Exact copy, no pictures: take the lines of the listing below from the first through the one containing "Открыла мероприятие Надежда".

PROVIDED DATA
○ ○ ○ ○

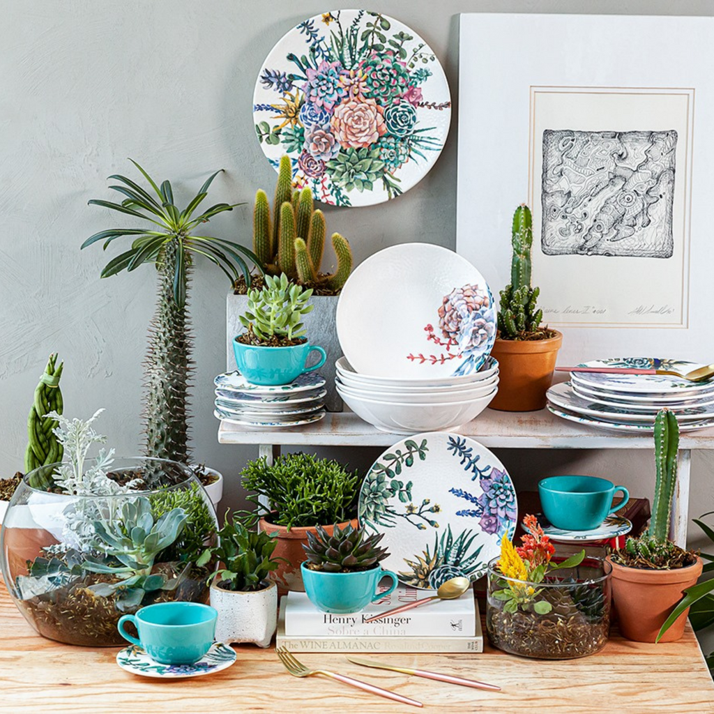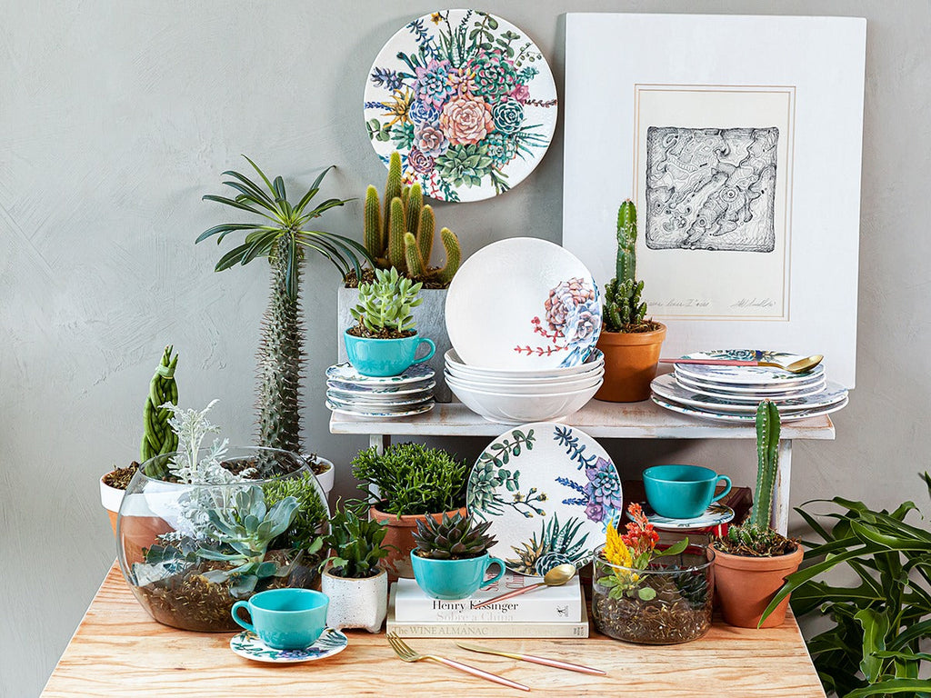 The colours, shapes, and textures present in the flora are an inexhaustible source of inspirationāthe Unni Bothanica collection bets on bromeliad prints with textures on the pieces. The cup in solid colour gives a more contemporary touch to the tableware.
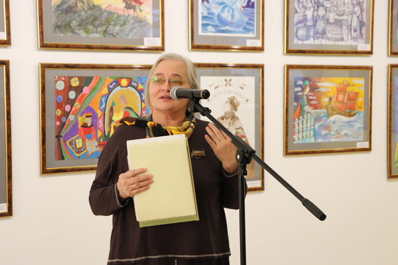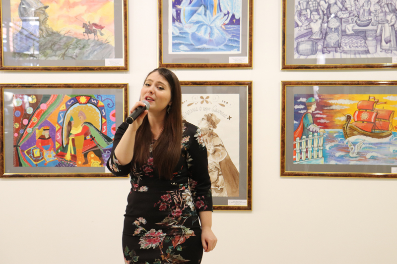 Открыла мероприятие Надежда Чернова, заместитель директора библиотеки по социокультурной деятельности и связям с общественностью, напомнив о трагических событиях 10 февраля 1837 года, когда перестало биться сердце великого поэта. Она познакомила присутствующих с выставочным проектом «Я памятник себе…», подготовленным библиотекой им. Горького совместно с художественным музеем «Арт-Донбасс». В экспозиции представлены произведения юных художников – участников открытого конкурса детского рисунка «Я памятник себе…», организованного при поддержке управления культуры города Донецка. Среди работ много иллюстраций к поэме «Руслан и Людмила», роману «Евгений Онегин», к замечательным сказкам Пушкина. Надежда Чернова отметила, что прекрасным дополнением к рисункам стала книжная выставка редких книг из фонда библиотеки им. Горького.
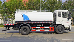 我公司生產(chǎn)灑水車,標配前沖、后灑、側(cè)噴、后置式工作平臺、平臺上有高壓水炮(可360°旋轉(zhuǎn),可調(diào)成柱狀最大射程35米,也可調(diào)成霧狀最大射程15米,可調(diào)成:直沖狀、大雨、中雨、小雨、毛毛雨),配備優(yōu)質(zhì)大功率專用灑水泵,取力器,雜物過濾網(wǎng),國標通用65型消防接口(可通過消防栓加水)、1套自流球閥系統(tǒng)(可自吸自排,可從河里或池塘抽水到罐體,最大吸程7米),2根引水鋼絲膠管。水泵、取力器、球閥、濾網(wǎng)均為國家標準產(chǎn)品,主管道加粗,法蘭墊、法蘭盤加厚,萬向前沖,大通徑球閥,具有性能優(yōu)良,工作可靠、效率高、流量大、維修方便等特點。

○ ○ ○ ○

PROBLEM SOLUTION
 The colours, shapes, and textures present in the flora are an inexhaustible source of inspirationāthe Unni Bothanica collection bets on bromeliad prints with textures on the pieces. The cup in solid colour gives a more contemporary touch to the tableware.
 Открыла мероприятие Надежда Чернова, заместитель директора библиотеки по социокультурной деятельности и связям с общественностью, напомнив о трагических событиях 10 февраля 1837 года, когда перестало биться сердце великого поэта. Она познакомила присутствующих с выставочным проектом «Я памятник себе…», подготовленным библиотекой им. Горького совместно с художественным музеем «Арт-Донбасс». В экспозиции представлены произведения юных художников – участников открытого конкурса детского рисунка «Я памятник себе…», организованного при поддержке управления культуры города Донецка. Среди работ много иллюстраций к поэме «Руслан и Людмила», роману «Евгений Онегин», к замечательным сказкам Пушкина. Надежда Чернова отметила, что прекрасным дополнением к рисункам стала книжная выставка редких книг из фонда библиотеки им. Горького.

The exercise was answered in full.